The rebellion was suppressed, but it did not entirely fail. Their revolt caused a decline in the power of the Han, and China eventually entered the heroic age of the Three Kingdoms.


The Red Turban Rebellion (1351 – 1366)

During the Yuan Dynasty, a Buddhist sect called the White Lotus Society initiated the Red Turban Rebellion. This religion was strongly influenced by Maitreya and believed that the world is constantly reformed according to the will of Maitreya to eventually become a utopia.

This age also suffered a great number of natural disasters and famines, and the people were drawn to the White Lotus Society’s utopian vision.

One day, the Yuan demanded the people to restore the damages caused by the flooding of the Yellow River without any reward. This was the final trigger to a huge revolt that broke out, which led to a resistance movement headed by the White Lotus.

The people wore red cloths to symbolize the Song dynasty, the previous dynasty that flourished before the Mongol Yuan invaded and dominated the land.

This resistance movement spread across the land and caused the decline of the Yuan. It was here that the man who later became the first Ming Emperor arose and ushered in a new age.


The White Lotus Rebellion (1796 – 1804)

The White Lotus Society caused another rebellion during the Qing dynasty.

The people at the time were suffering from a corrupt bureaucracy and unreasonably harsh taxation. The White Lotus group gathered in the hope of dispelling the grievances of the people.
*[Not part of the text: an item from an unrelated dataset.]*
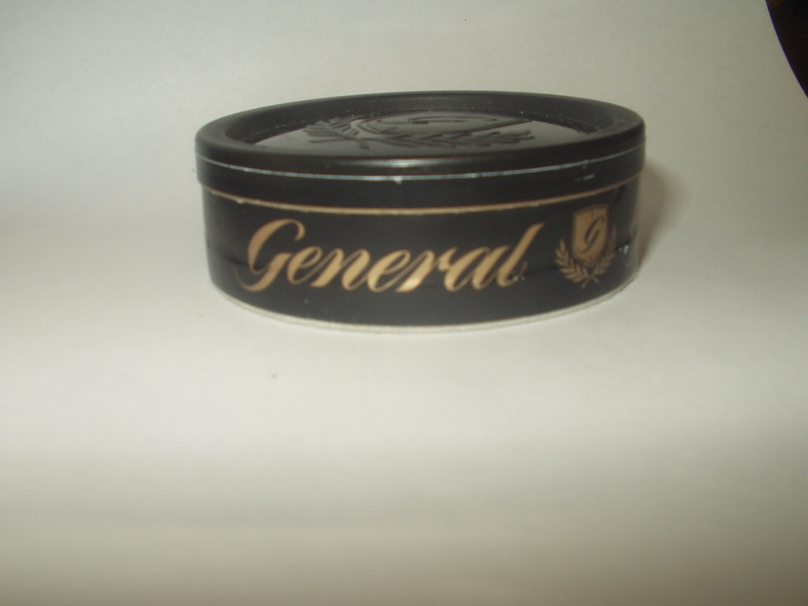 General snus

Hundreds of thousands risked their lives to take part in the rebellion because they believed in a happy afterlife.

In the end, however, an insufficient command network led to a failure for organized maneuvers, and they were defeated. Due to the lack of a skilled commander, the rebellion had become a mere crowd.

The rebellion, although a failure, was not meaningless. Suppressing the rebels resulted in heavy financial expenses on the government, which now had to resort to further taxing its people, and brought the dynasty closer to ruin.
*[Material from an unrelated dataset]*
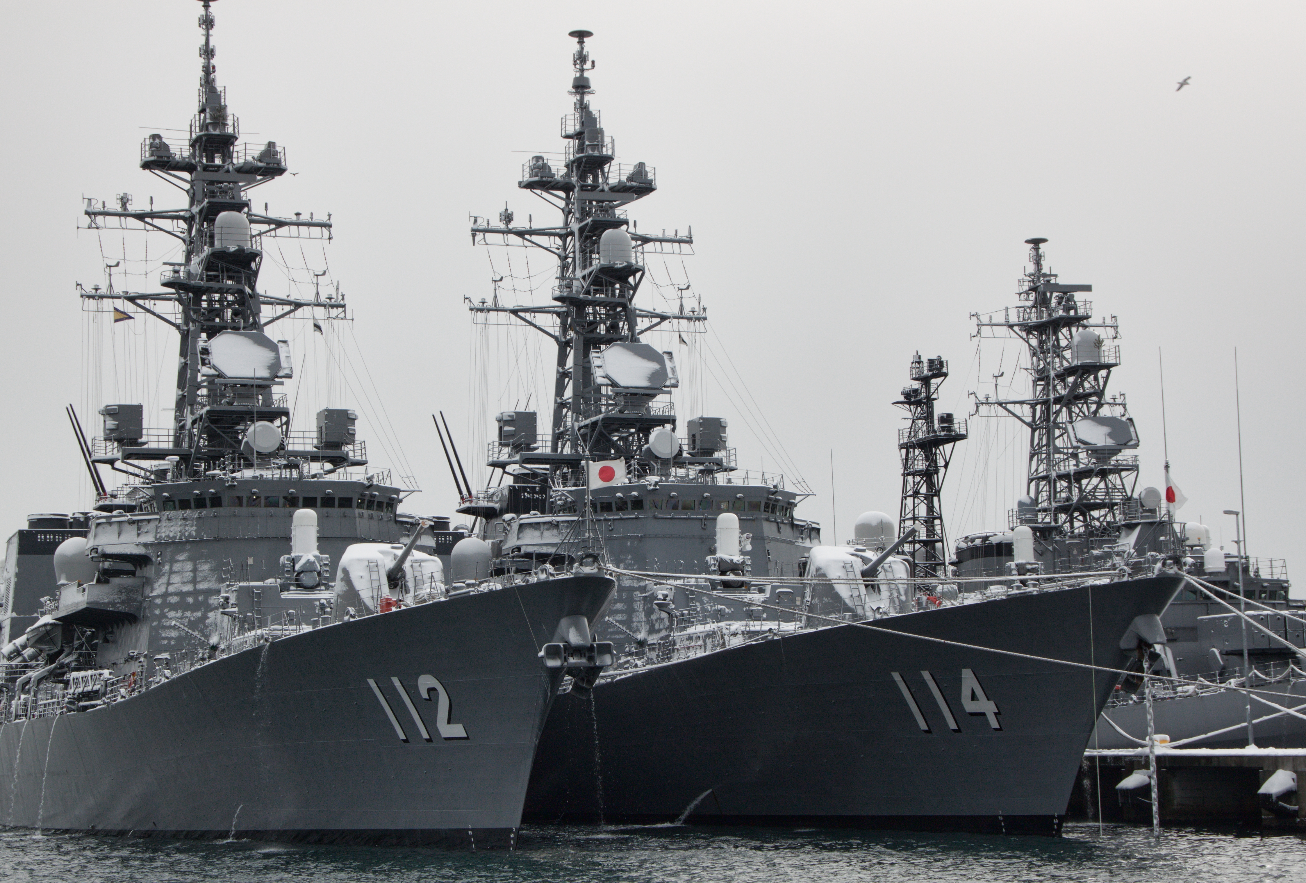 JS Makinami (DD-112) and JS Suzunami (DD-114) moored at Ōminato Base. Canon EOS Kiss X3

The Taiping Rebellion (1850 – 1864)

The Christian movement of the Heavenly Kingdom of Peace led by Hong Xiuquan also shook the Qing dynasty.

As the name suggests, the group idealized the creation of a heavenly kingdom on Earth. It was a movement that advocated shared use of farms and produce through mutual help, and in an age where the feudal lord was the chief proprietor, the ideology of equal rights was epoch-making.
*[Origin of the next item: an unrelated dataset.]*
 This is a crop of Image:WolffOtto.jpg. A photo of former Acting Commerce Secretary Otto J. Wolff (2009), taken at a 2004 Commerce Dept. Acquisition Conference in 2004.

The Heavenly Kingdom of Peace was not just passionate about religious virtue and missionary work, but also appealed to the people through healing and promises of good fortune.

As this movement spread, they began to retaliate against civil authorities and landowners. When news reached Hong Xiuquan, he was inspired to gather a military organization to aim for political reform.

The Heavenly Kingdom of Peace championed the victory of the Hans over the Machurians, and this gathered much support from the people who were able to reawaken to their identity as Hans.

The Taiping Rebellion spread with many civilians joining the movement, and at one point absorbed almost the entire southern half of China. Fair winds, however, did not last long. With internal conflicts and intervention by the Qing army and forces from the West (Britain and France), the revolution resulted in failure.

This rebellion, however, is now recognized as the first step towards China’s autonomy.


The Communist Party Fears the Powew of Religion

  1. The Mandate of Heaven: the idea that Heaven wills a change to the administration
  2. A utopian vision
  3. A belief in the afterlife; a lifestyle that is not bound to materialism

China is now unstable, with power struggles in the upper echelons, extreme wealth disparity, and natural disasters. Religion may become an important factor for the next change that China must undergo: the introduction of democracy.